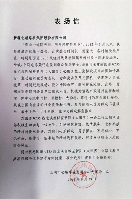 尤溪訊(通訊員 劉小波)近日,北新路橋集團(tuán)長(zhǎng)沙分公司國(guó)道G235線尤溪西城至新陽(大田界)公路工程三期項(xiàng)目部收到來自福建省三明市公路事業(yè)發(fā)展中心尤溪分中心的表揚(yáng)信,表揚(yáng)該項(xiàng)目部在6月份暴雨襲擊尤溪縣時(shí),用行動(dòng)彰顯責(zé)任、用擔(dān)當(dāng)詮釋使命,敢作為、能奉獻(xiàn)、顧大局的精神。
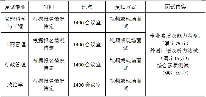 各专业(领域)成立由研究生导师组成的推免生复试小组,复试小组在学院(部)推免生工作领导小组的领导下开展复试工作,负责确定复试的具体内容、评分标准、程序。复试的具体内容和方式由各专业的人才培养目标、专业特点和情况确定,报研究生招生办公室备案并在学院网站公布。如安排专业素质及能力面试,做好面试现场记录。各硕士点可以视情况分批次安排复试、面试方式可以采取现场面试或视频面试。按时间顺序优先原则,若第一批录取指标已满,则不再接受推免生报名面试。
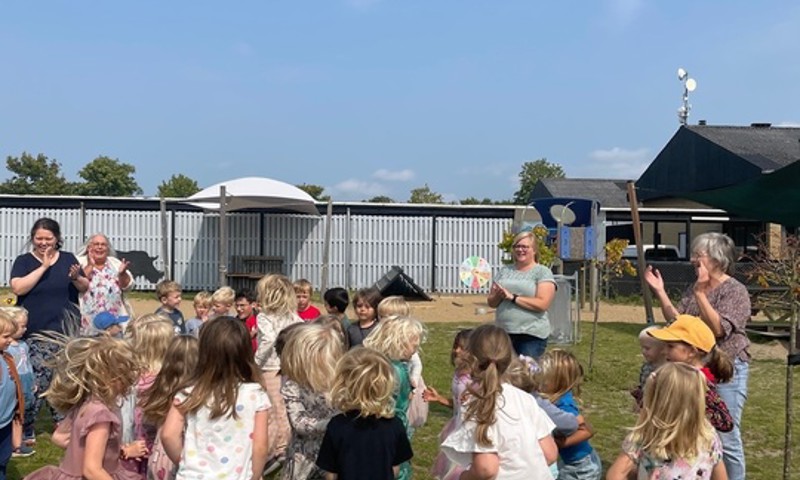 Efter frokost var det tid til bevægelse, og på legepladsen ved Mørke Børnehus ventede en stor gruppe børn og pædagoger på Borgmesteren.
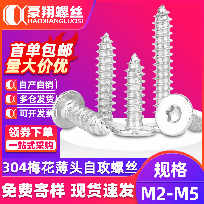 304ステンレス製梅花槽大平頭タッピングねじ薄頭タッピングねじm2 | m3 | m4平頭ねじ
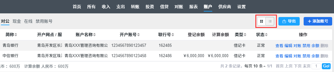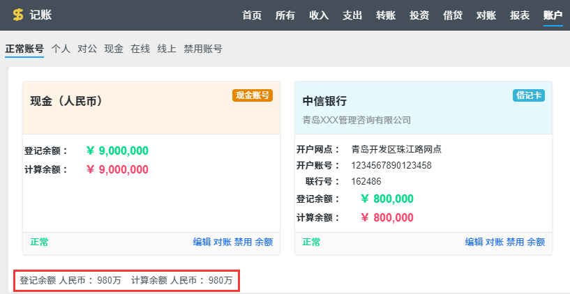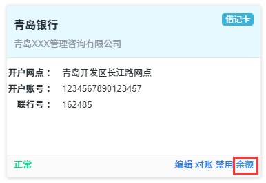 我们可以看到每个账号的余额和基本信息(开户信息、账号类型、账号状态等),还可以在底部看到所有账号的总余额。
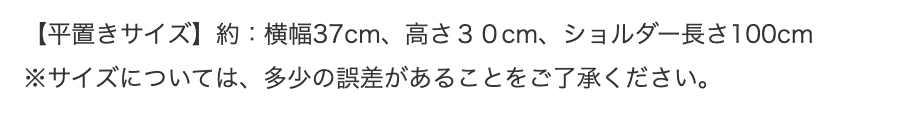 【平置きサイズ】約:横幅37cm、高さ30cm、ショルダー長さ100cm
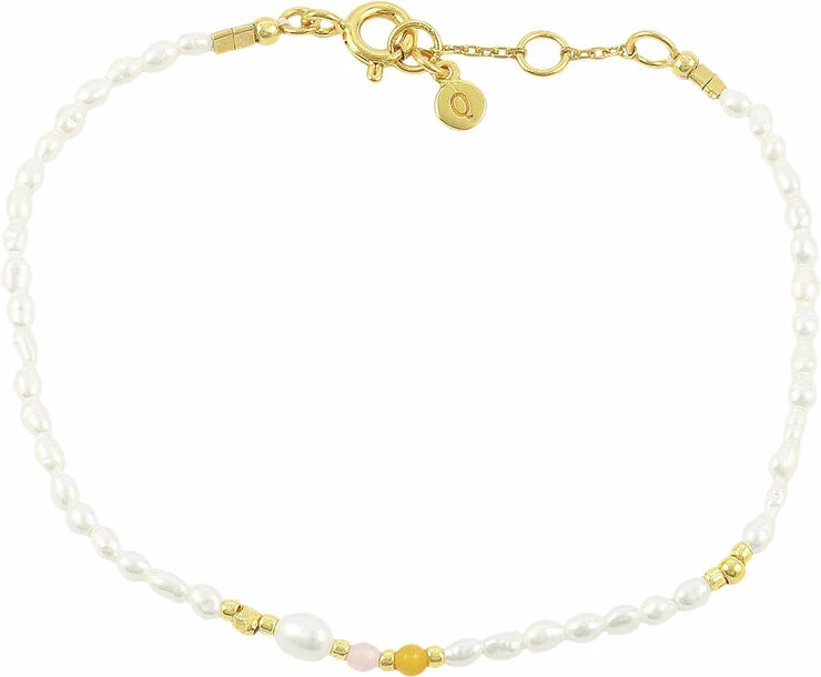 The Olivia bracelet are made up of small freshwater pearls and coloured beads. Quality: 18K gold plated sterling silver. We have applied 1 micron and e-coating to make the gold plating last. Dimensions: 16 cm + 3 cm flex
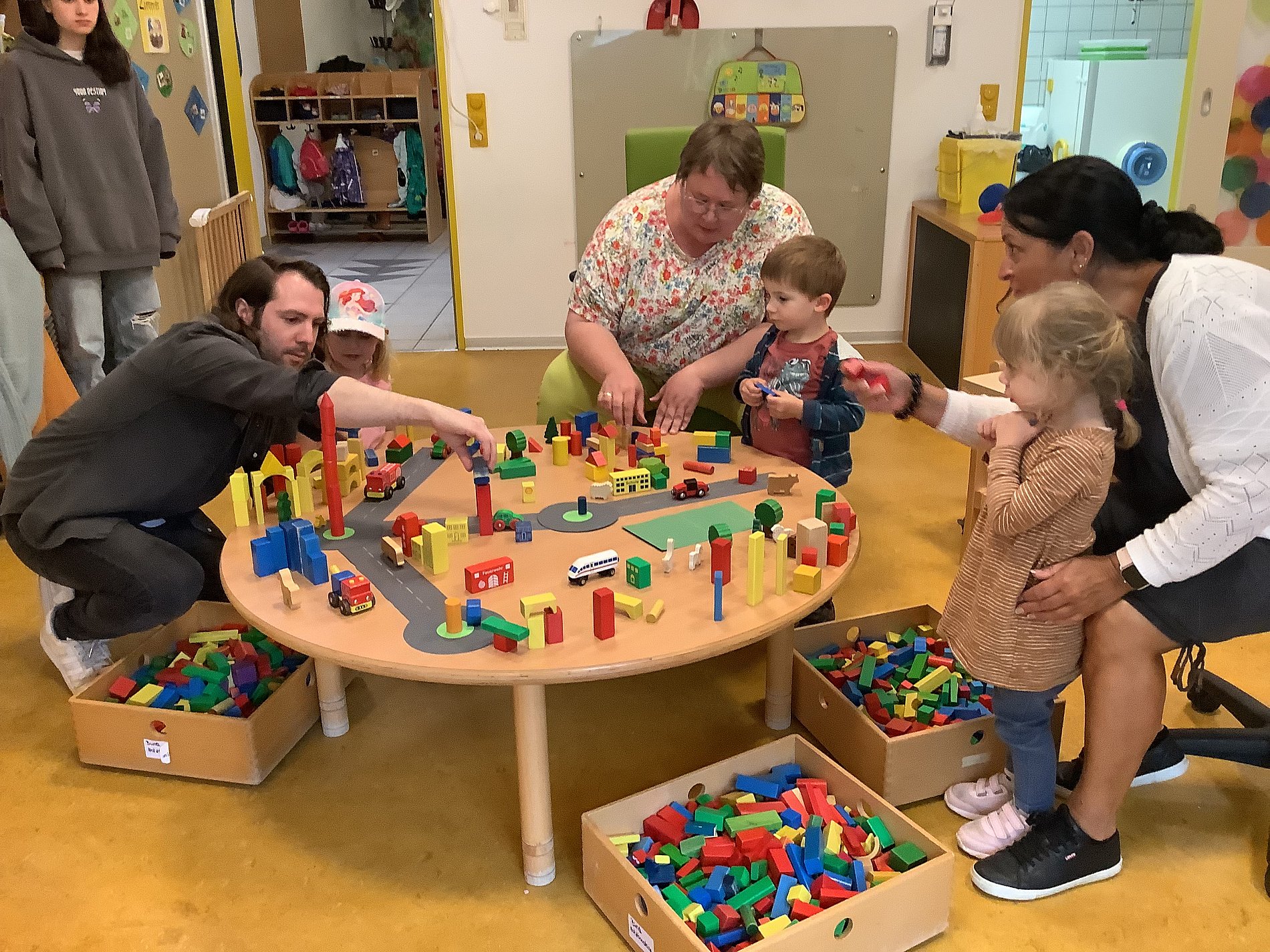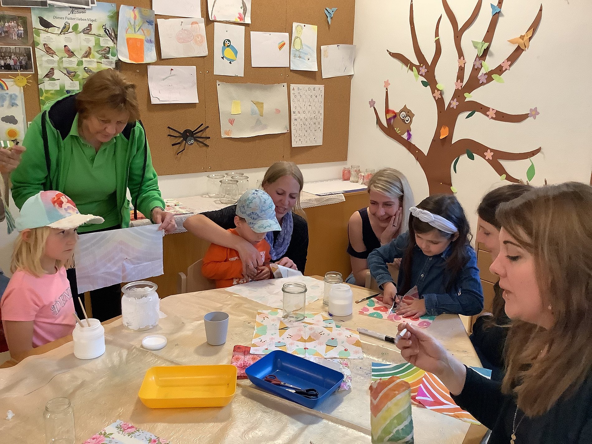 Nach einigen Dankesworten der Einrichtungsleitung und Vertreterinnen des Elternausschusses begann das eigentliche Sommerfest. Es gab viele Stationen, an denen man aktiv werden konnte: Die Kinder konnten mit Holzklötzen Höhr-Grenzhausen nachbauen, „Elefantenzahnpasta“ und dekorative Windlichter mit Serviettentechnik herstellen. Für die Höhrer Kirmes am folgenden Sonntag wurden Fahrzeuge mit Krepppapier bunt geschmückt.
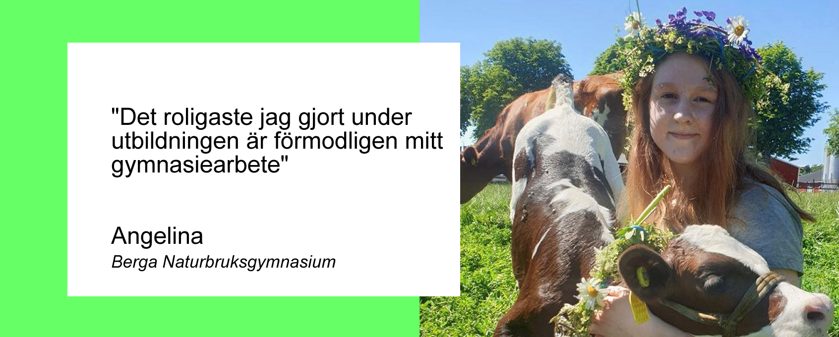 Angelina Ekeram går tredje året på profilen Lantbruk- Studieförberedande på Berga Naturbruksgymnasium.
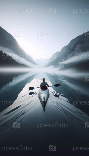 Каякер мира, скользящий по зеркально-спокойному озеру в туманное утро, Ai создал изображение
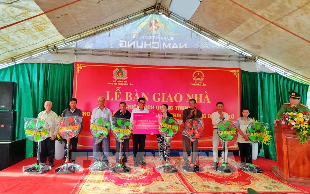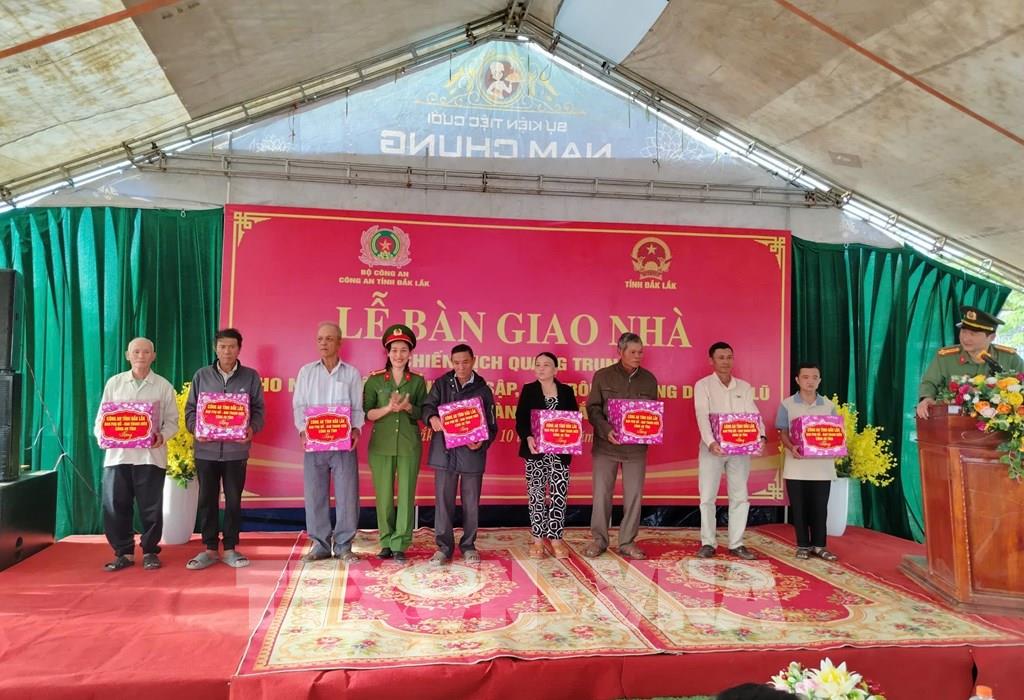 Công an tỉnh Đắk Lắk tặng đồ gia dụng cho hộ dân trong “Chiến dịch Quang Trung”. Ảnh: TTXVN phát
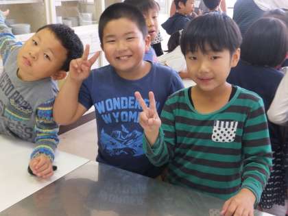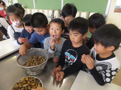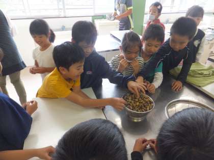 3年生の子どもたちが、家庭科室にやってきて、ゆで落花生をいよいよ試食です。
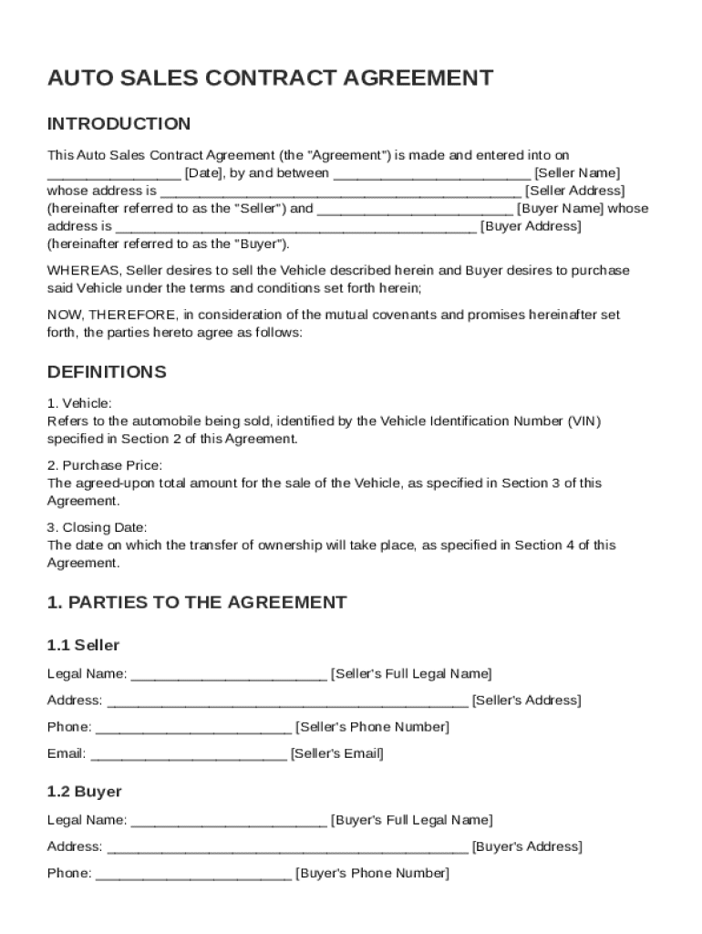 The effectiveness of an auto sales contract largely hinges on its key components. Below are the essential elements that every seller and buyer should include.

• [What to do]:
In your copy, omit the pictures and restate every line of the data word for word.

• [Output of the exercise]:
 尤溪訊(通訊員 劉小波)近日,北新路橋集團(tuán)長(zhǎng)沙分公司國(guó)道G235線尤溪西城至新陽(大田界)公路工程三期項(xiàng)目部收到來自福建省三明市公路事業(yè)發(fā)展中心尤溪分中心的表揚(yáng)信,表揚(yáng)該項(xiàng)目部在6月份暴雨襲擊尤溪縣時(shí),用行動(dòng)彰顯責(zé)任、用擔(dān)當(dāng)詮釋使命,敢作為、能奉獻(xiàn)、顧大局的精神。
 各专业(领域)成立由研究生导师组成的推免生复试小组,复试小组在学院(部)推免生工作领导小组的领导下开展复试工作,负责确定复试的具体内容、评分标准、程序。复试的具体内容和方式由各专业的人才培养目标、专业特点和情况确定,报研究生招生办公室备案并在学院网站公布。如安排专业素质及能力面试,做好面试现场记录。各硕士点可以视情况分批次安排复试、面试方式可以采取现场面试或视频面试。按时间顺序优先原则,若第一批录取指标已满,则不再接受推免生报名面试。
 Efter frokost var det tid til bevægelse, og på legepladsen ved Mørke Børnehus ventede en stor gruppe børn og pædagoger på Borgmesteren.
 304ステンレス製梅花槽大平頭タッピングねじ薄頭タッピングねじm2 | m3 | m4平頭ねじ
 我们可以看到每个账号的余额和基本信息(开户信息、账号类型、账号状态等),还可以在底部看到所有账号的总余额。
 【平置きサイズ】約:横幅37cm、高さ30cm、ショルダー長さ100cm
 The Olivia bracelet are made up of small freshwater pearls and coloured beads. Quality: 18K gold plated sterling silver. We have applied 1 micron and e-coating to make the gold plating last. Dimensions: 16 cm + 3 cm flex
 Nach einigen Dankesworten der Einrichtungsleitung und Vertreterinnen des Elternausschusses begann das eigentliche Sommerfest. Es gab viele Stationen, an denen man aktiv werden konnte: Die Kinder konnten mit Holzklötzen Höhr-Grenzhausen nachbauen, „Elefantenzahnpasta“ und dekorative Windlichter mit Serviettentechnik herstellen. Für die Höhrer Kirmes am folgenden Sonntag wurden Fahrzeuge mit Krepppapier bunt geschmückt.
 Angelina Ekeram går tredje året på profilen Lantbruk- Studieförberedande på Berga Naturbruksgymnasium.
 Каякер мира, скользящий по зеркально-спокойному озеру в туманное утро, Ai создал изображение
 Công an tỉnh Đắk Lắk tặng đồ gia dụng cho hộ dân trong “Chiến dịch Quang Trung”. Ảnh: TTXVN phát
 3年生の子どもたちが、家庭科室にやってきて、ゆで落花生をいよいよ試食です。
 The effectiveness of an auto sales contract largely hinges on its key components. Below are the essential elements that every seller and buyer should include.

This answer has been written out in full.